Fu Niu Lele (; literally "lucky happy ox"), was the mascot of the 2008 Summer Paralympics in Beijing.

The mascot, designed by Wu Guanying (吴冠英), professor at the Academy of Arts and Design at Tsinghua University, was unveiled on September 6, 2006 at the foot of the Great Wall of China's Badaling.

Fu Niu Lele represents a harmonious co-existence between mankind and nature, it represents athletes with a disability striving to make progress, and it represents the Beijing Paralympics Games' concept of "Transcendence, Equality and Integration."

History
There were originally 87 mascot designs suggestions. These were discussed by a jury on December 30, 2005, and shortlisted to three designs: a Chinese river dolphin (baiji), and two figures from traditional Chinese mythology, the Monkey King and Ne Zha.
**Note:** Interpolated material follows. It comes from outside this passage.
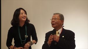 特別ゲストに書家であり学校法人四條畷学園の創業者直系4代目であり理事の牧田朝美様、そしてご紹介者である一般社団ベストジョブグループの代表 土坂英一様にご登壇いただき、常任幹事の松本典子さんにナビゲーターを務めていただきてい談を行いました。創立91周年を迎えた四條畷学園、創業時の礎となった二人のやまとなでしこ「えい」と「隈」の生き様に触れていただきました。いかなる困難にもしなやかに立ち向かった、竹のようなしなやかさと凛とした姿勢が「やまとなでしこ」たる所以なのだと感じさせていただき、背筋の伸びるおもいでした。

A revising group, led by Wu Guanying, looked over the three designs, and found that the dolphin and Monkey King designs could cause problems with intellectual property rights, while the Ne Zha was not suitable.

They considered looking for an alternative design, and Wu came up with the idea of a cartoon cow. Wu said "I grew up in the countryside and was once a cow herder, so I know that the cow is one of the animals closest to human beings. Cows are well-known for their friendliness and their affinity to the humans who care for them."

The colours of Fu Niu Lele come from traditional Chinese New Year drawings and toys.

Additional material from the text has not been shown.